Fioritto purchased a two-acre parcel of land that was located within a General Commercial zoning classification and he requested a conditional use permit or variance to operate his construction business on his property, but failed to return with additional information that was requested from the Board. During this time he ran his business which also involved making and delivering nursery landscape supplies such as mulch, topsoil and trees. He owned four dump trucks, two excavators, a caterpillar dozer two trailers and a 300-gallon fuel tank, which was located on the property. The Township of Brimfield brought a claim against Fioritto when notified about the equipment on the property and moved for permanent injunction against him for using the property in a way that was not permitted in a General Commercial District. The court granted the request for a permanent injunction, finding that Fiotitto used his construction equipment to clear his lot but did not obtain a certificate to allow the equipment to be stored after the lot was cleared and this appeal ensured.

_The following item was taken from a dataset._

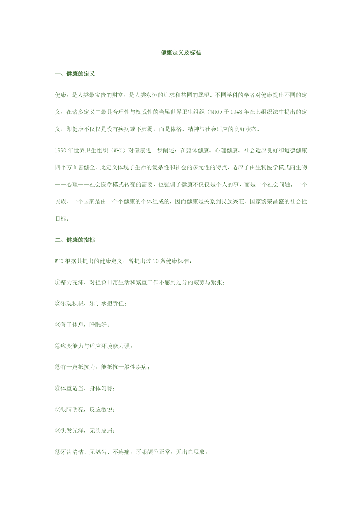 健康定义及标准一、健康的定义健康,是人类最宝贵的财富,是人类永恒的追求和共同的愿望。不同学科的学者对健康提出不同的定义,在诸多定义中最具合理性与权威性的当属世界卫生组织(WHO)于1948年在其组织法中提出的定义,即健康不仅仅是没有疾病或不虚弱,而是体格、精神与社会适应的良好状态。1990年世界卫生组织(WHO)对健康进一步阐述:在躯体健康、心理健康、社会适应良好和道德健康四个方面皆健全。此定义体现了生命的复杂性和社会的多元性的特点,适应了由生物医学模式向生物——心理——社会医学模式转变的需要,也强调了健

On the question of whether an individual can store construction vehicles and equipment on his land while clearing the land of trees and whether a nursery is permitted use of property zoned General Commercial, the Court of Appeals of Ohio found that a trial court’s granting of an injunction should not be disturbed in the absence of a clear abuse of discretion or if the findings of fact is against the manifest weight of the evidence. The Court of Appeals went on to find that the even though Fioritto was not prohibited from clearing his land, he was not given permission to store a large collection of construction equipment on his property, and the facts did not support a conclusion that the construction equipment and materials were being used solely for the purposes of clearing the property of trees or grading the property for future building or other developments. In regards to whether the court improperly used the definition of agricultural nursery to define a retail nursery under the Brimfield Zoning Resolution which would create an exemption from the zoning, the Court of Appeals held that the trial court properly concluded that Fioritto did not produce nursery stock or cultivate plants on his property and hence did not meet the definition. The Court of appeals further found that even if he was operating a nursery, Fioritto was still required to comply with the zoning certificate requirement of the Zoning Resolution.